On November 7, 2006, Washington, D.C., held an election for its mayor. It determined the successor to two-term mayor Anthony A. Williams, who did not run for re-election. The Democratic primary was held on September 12. The winner of both was Adrian Fenty, the representative for Ward 4 on the D.C. Council. He took office on January 2, 2007, becoming the sixth directly elected mayor since the establishment of home rule in the District.

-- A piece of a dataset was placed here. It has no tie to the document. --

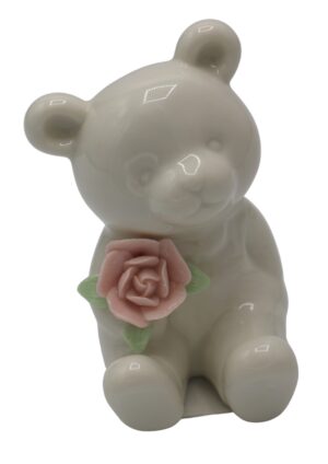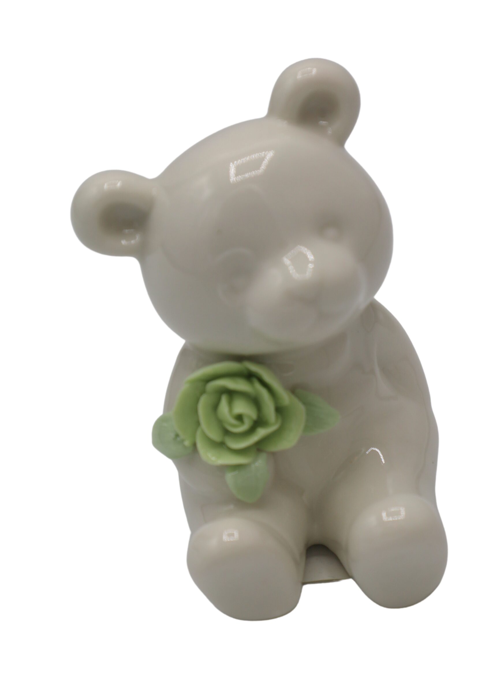 Miniaturowa figurka misia z błyszczącej ceramiki, trzymającego zielony kwiatek. Uroczy detal do wnętrza lub prezentu.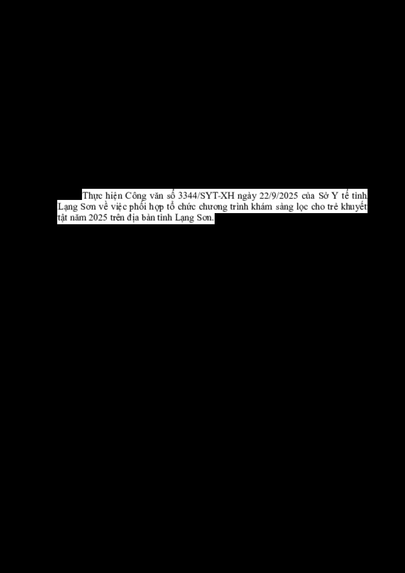 | Tiêu đề văn bản | Công văn về việc phối hợp tổ chức Chương trình khám sàng lọc cho trẻ khuyết tật năm 2025 trên địa bàn xã Yên Phúc | ||

==Democratic Party primary==
===Candidates===
- Linda W. Cropp - DC Council Chair, Cropp was considered Fenty's rival as the frontrunner for the mayoral primary, although Fenty took a lead in the polls about two months before the election.
- Marie Johns
- Vincent Orange, Ward 5 Council Representative
- Michael A. Brown, who consistently had trailed the pack in polling data, dropped out of the race September 8, and announced he was throwing his support to Cropp.

===Endorsements===
- Fenty received the endorsements of, most notably, The Washington Post and former mayor Marion Barry.
- Cropp received the endorsement of, most notably, outgoing mayor Anthony A. Williams.
- Orange received the endorsement of, most notably, recently terminated Metrobus driver Sidney Davis, as highlighted in the August 21, 2006 article, "Soapbox on Wheels", in The Washington Post.
- Johns received the endorsement of, most notably, The Washington Times.

===Results===

Results by ward

Democratic Primary Results
| Candidate | Votes | Percent |
| Adrian Fenty (winner) | 60,732 | 57.20% |
| Linda Cropp | 32,897 | 30.98% |
| Marie Johns | 8,501 | 8.01% |
| Vincent Orange | 3,075 | 2.90% |
| Michael A. Brown | 650 | 0.61% |
| Artee (RT) Milligan | 105 | 0.10% |
| Nestor Djonkam | 73 | 0.07% |
| Write In, if any | 145 | 0.14% |
| Total | 106,178 | 100.00% |
Source: D.C. Board of Elections

==Republican Party primary==
David W. Kranich ran in the Republican Party primary election. Albert Ceccone gathered signatures to run on the ballot as well, but after a challenge by Kranich, the District of Columbia Board of Elections and Ethics declared many of the signatures invalid. Consequently, Ceccone did not have enough valid signatures to appear on the ballot, and only Kranich's name appeared as running for mayor on the Republican primary ballot. Kranich received 65% of the vote.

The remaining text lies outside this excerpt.